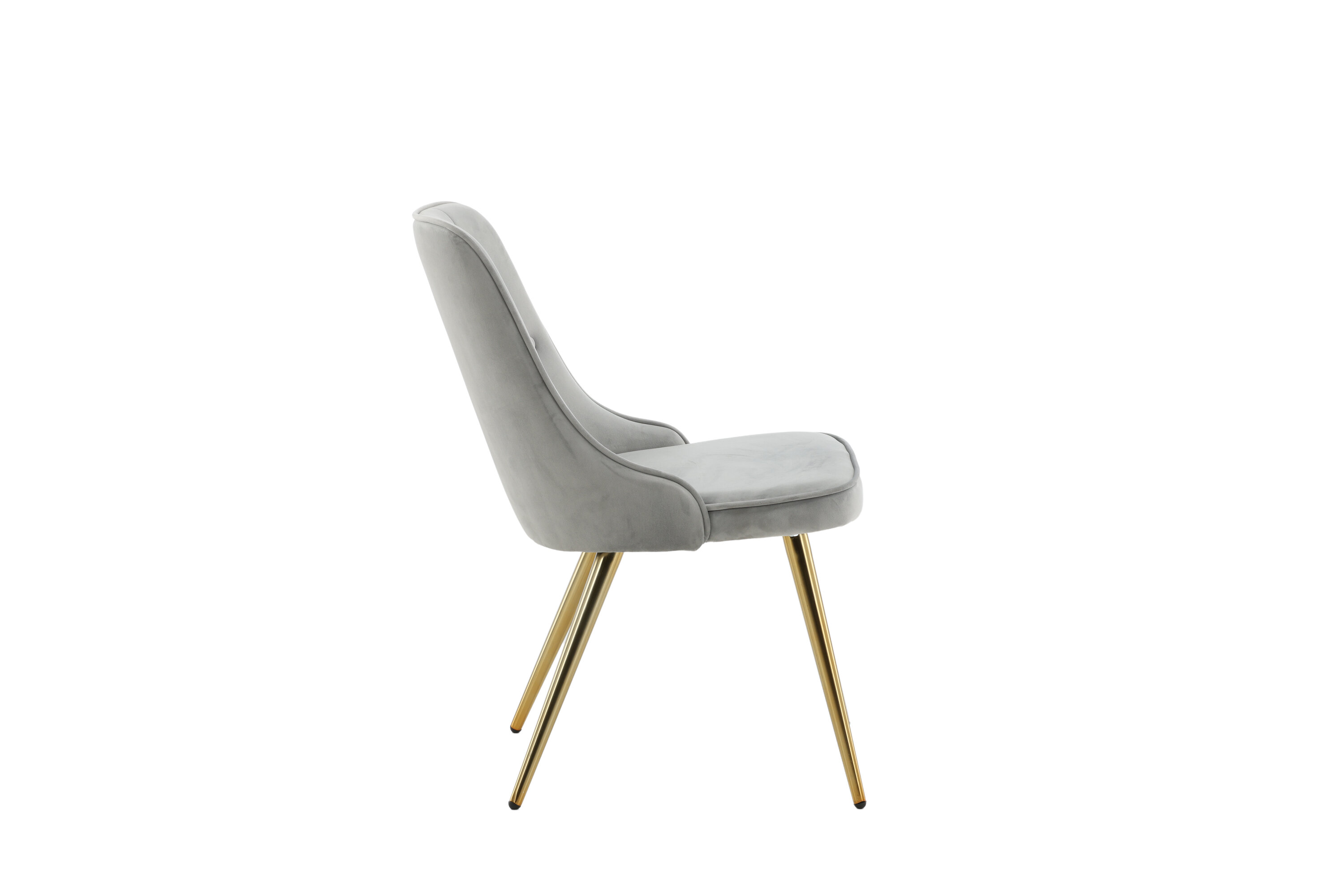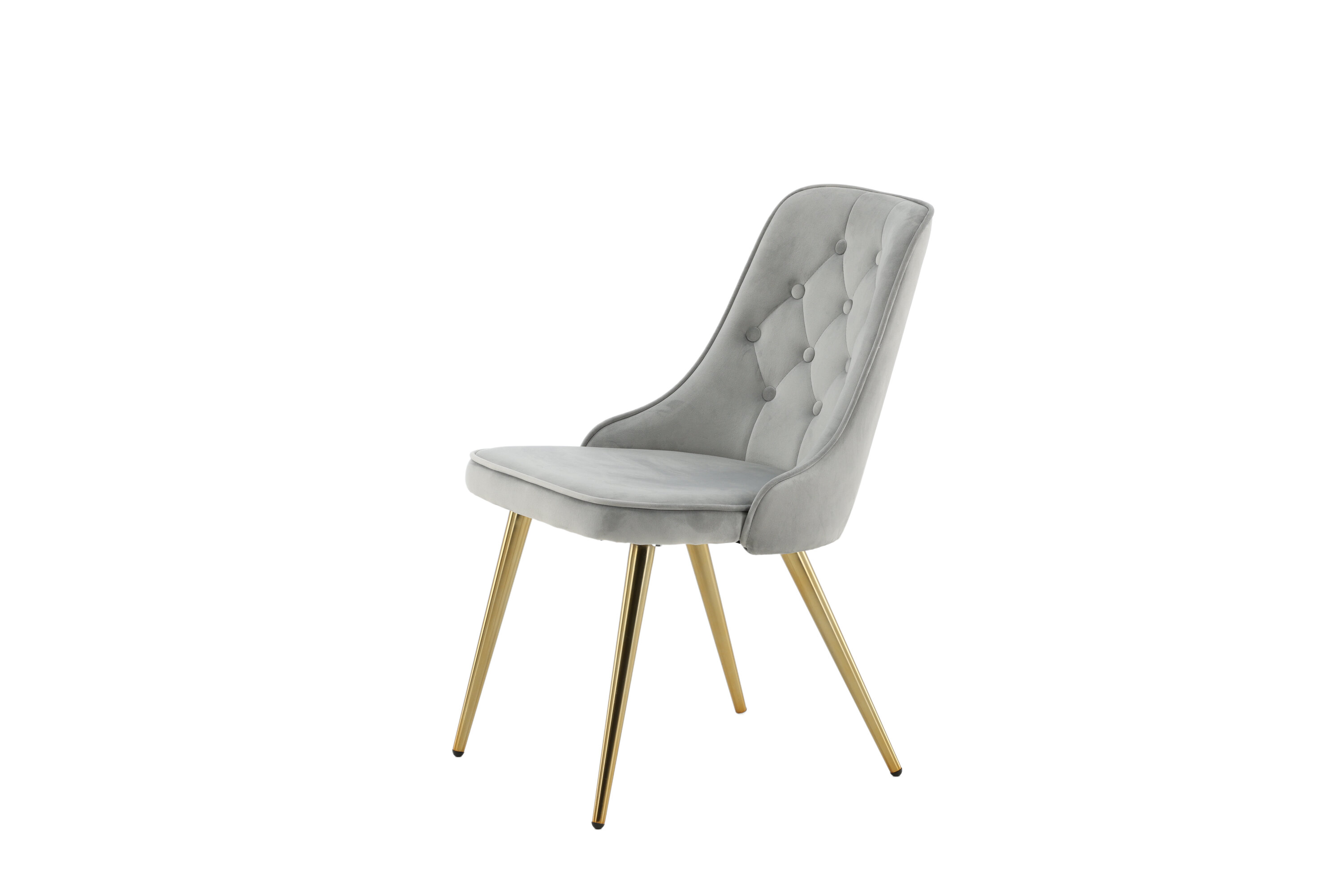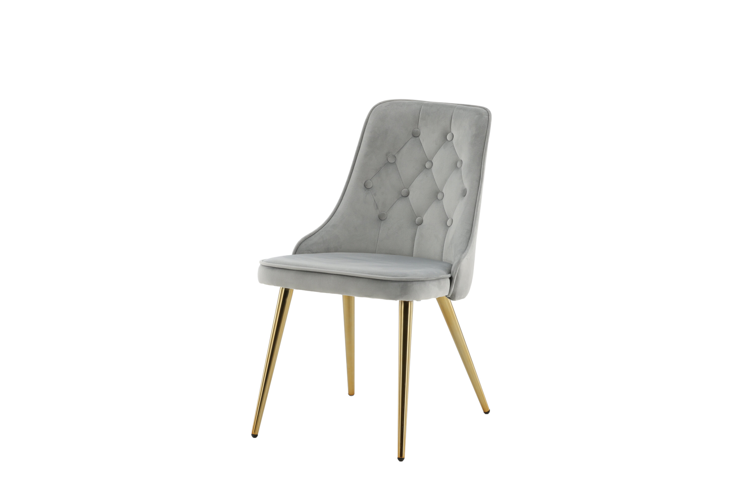 Furnish the heart of your home with dining chairs from the Velvet Luxe series for a more elegant focal point in the living room! The chair features a fully upholstered design in sleek gray velvet fabric with buttons and decorative stitching in the back, adding a stylish detail. Legs in brass-finished metal and soft padding in the back and seat for extra comfort. Some assembly required. Create a modern focal point
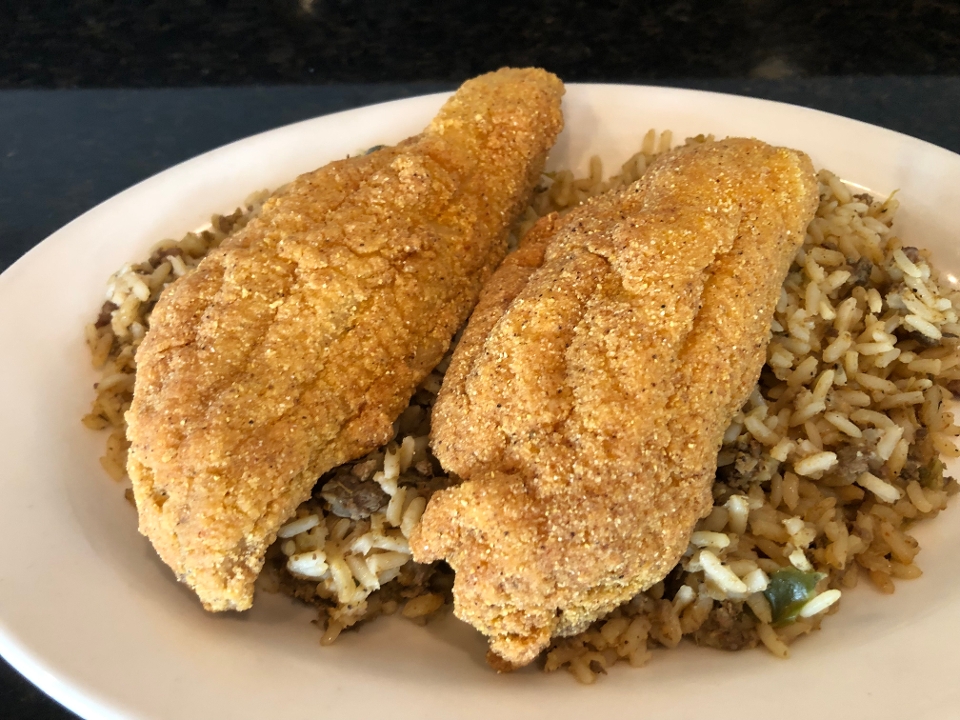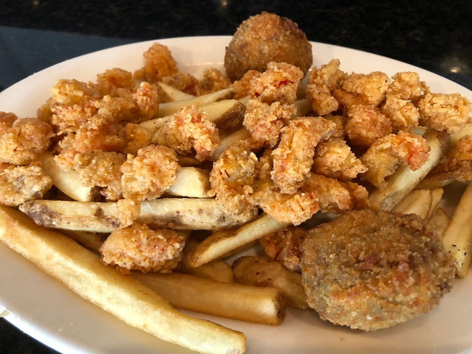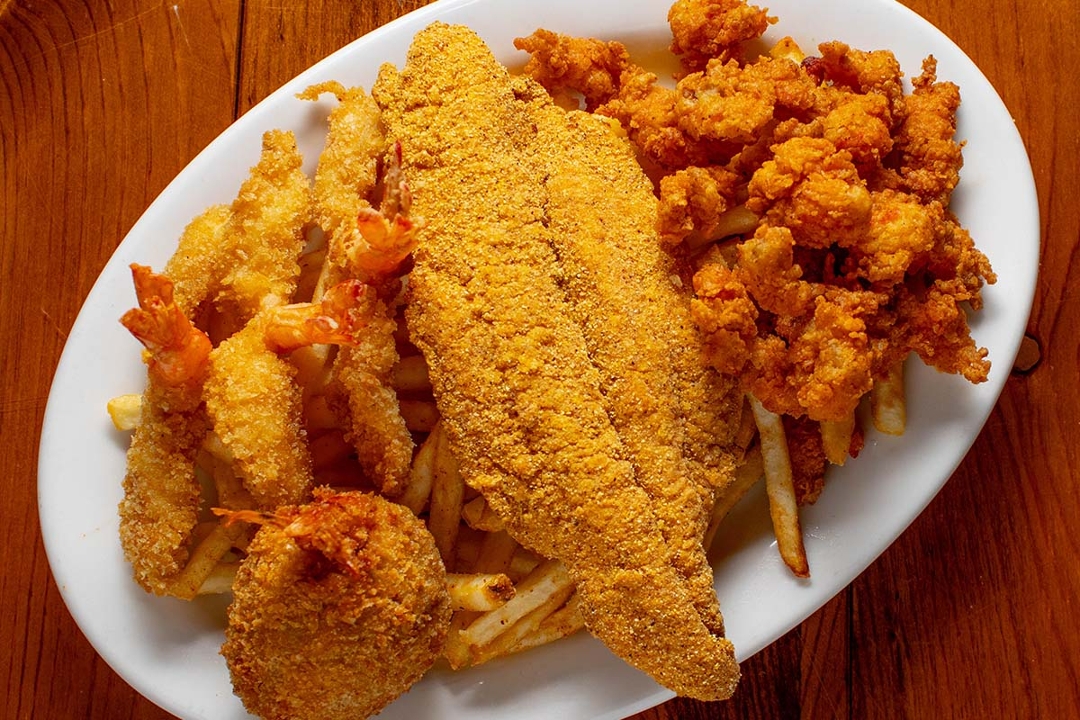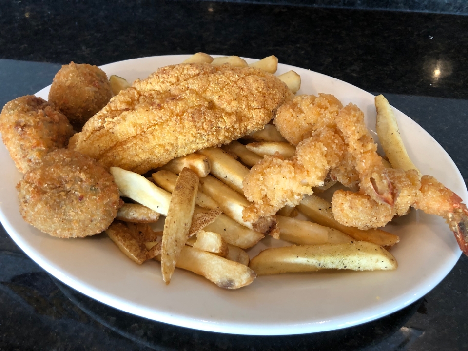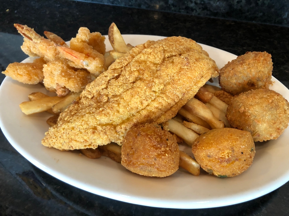 (1) Mississippi Farm-raised fresh catfish filet, (2) fried shrimp, (3) boudin balls
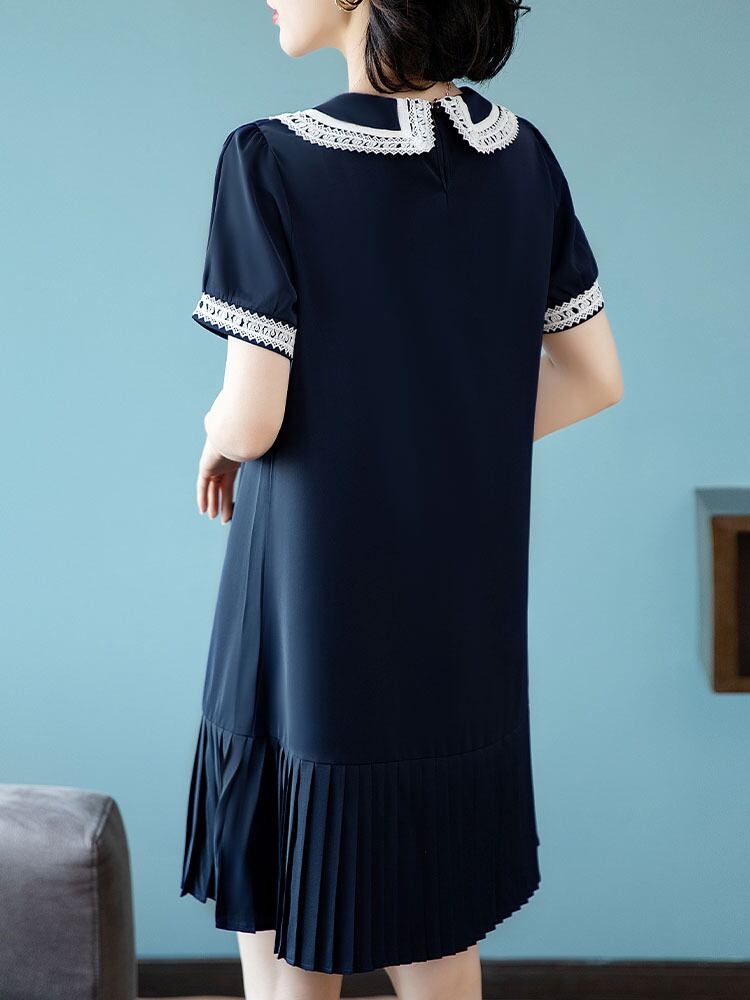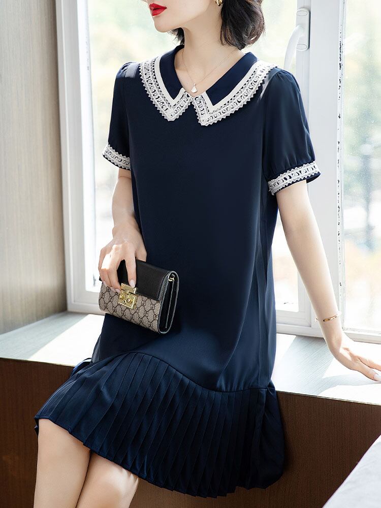 ワンピース レディース ミニワンピース S M L XL 2XL 3XL 4XL ネイビー ミニ ミニ丈 袖あり 半袖 レース バイカラー プリーツ 裾コンシャス かわいい 大人可愛い きれいめ シンプル 大人ガーリー 上品 おしゃれ お洒落 大人女子 こなれ感 キュート 個性的 主役級 存在感 無地 春 夏 サマードレス 10代 20代 30代 デート 女子会 パーティー お呼ばれ イベント 送料無料 ファッション スタイル トレンド 流行 インスタ映え
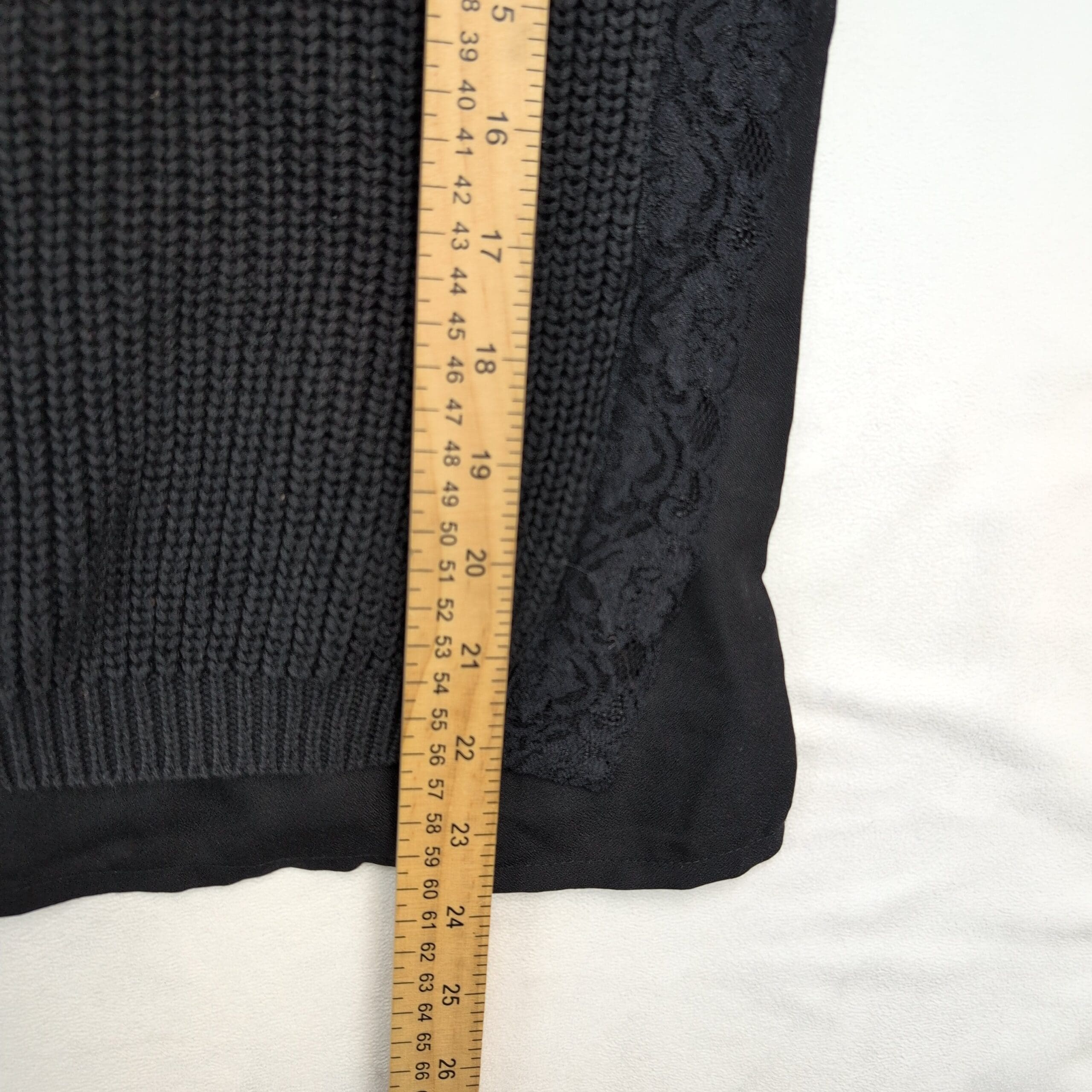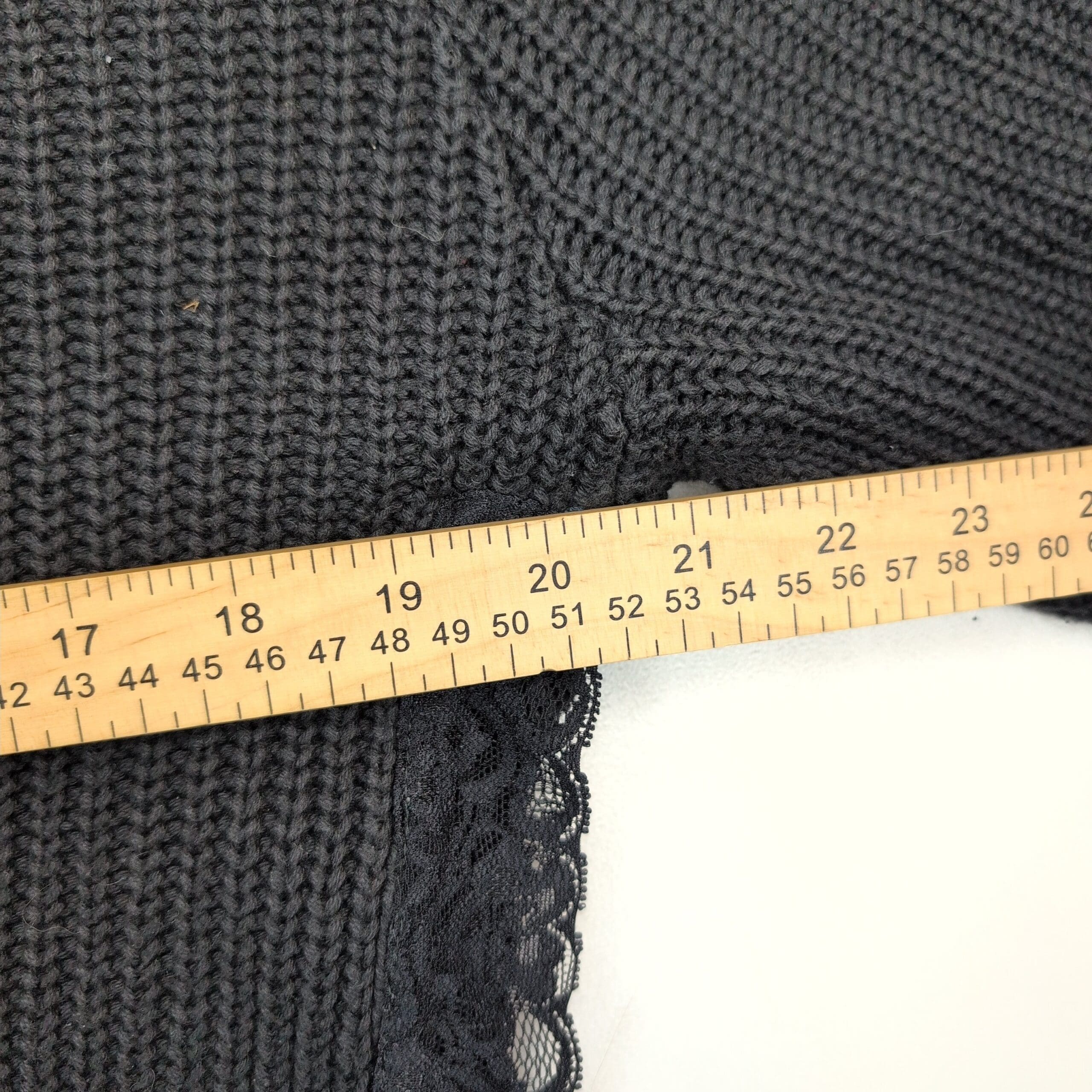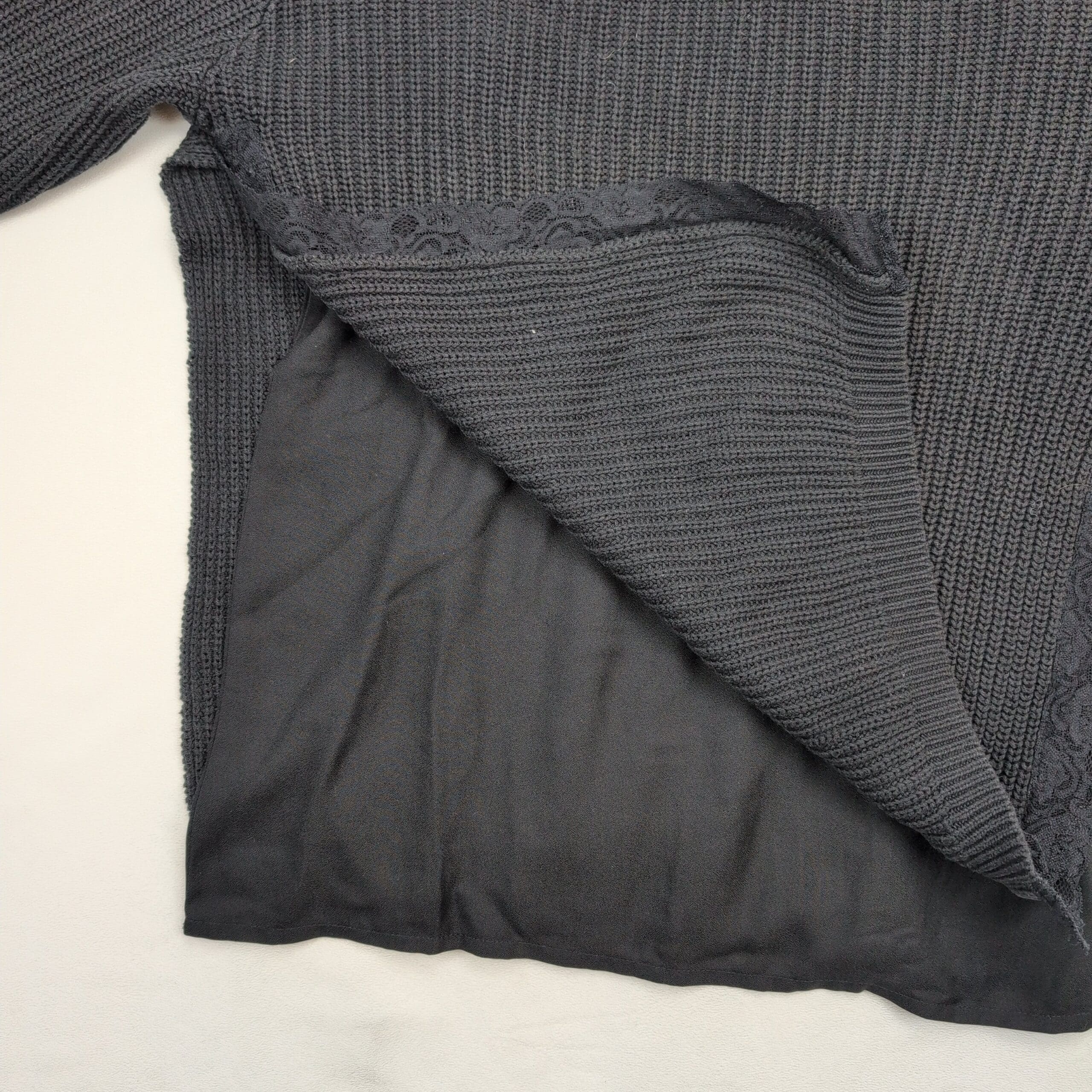 Stile Benetton women’s sweater, size M. Soft gray knit crewneck with three-quarter sleeves, delicate lace side panels and a lightweight layered chiffon hem for added texture and a feminine finish. Medium-weight knit good for transitional weather; versatile for casual or office styling. Excellent used condition — free of major rips, tears, stains, or flaws; typical light wear may be present. See photos for color and detail.

= = = = =

| WORK TASK |
The answer must be the full listing, word for word, with no images in it.

| PROBLEM SOLUTION |
 Furnish the heart of your home with dining chairs from the Velvet Luxe series for a more elegant focal point in the living room! The chair features a fully upholstered design in sleek gray velvet fabric with buttons and decorative stitching in the back, adding a stylish detail. Legs in brass-finished metal and soft padding in the back and seat for extra comfort. Some assembly required. Create a modern focal point
 (1) Mississippi Farm-raised fresh catfish filet, (2) fried shrimp, (3) boudin balls
 ワンピース レディース ミニワンピース S M L XL 2XL 3XL 4XL ネイビー ミニ ミニ丈 袖あり 半袖 レース バイカラー プリーツ 裾コンシャス かわいい 大人可愛い きれいめ シンプル 大人ガーリー 上品 おしゃれ お洒落 大人女子 こなれ感 キュート 個性的 主役級 存在感 無地 春 夏 サマードレス 10代 20代 30代 デート 女子会 パーティー お呼ばれ イベント 送料無料 ファッション スタイル トレンド 流行 インスタ映え
 Stile Benetton women’s sweater, size M. Soft gray knit crewneck with three-quarter sleeves, delicate lace side panels and a lightweight layered chiffon hem for added texture and a feminine finish. Medium-weight knit good for transitional weather; versatile for casual or office styling. Excellent used condition — free of major rips, tears, stains, or flaws; typical light wear may be present. See photos for color and detail.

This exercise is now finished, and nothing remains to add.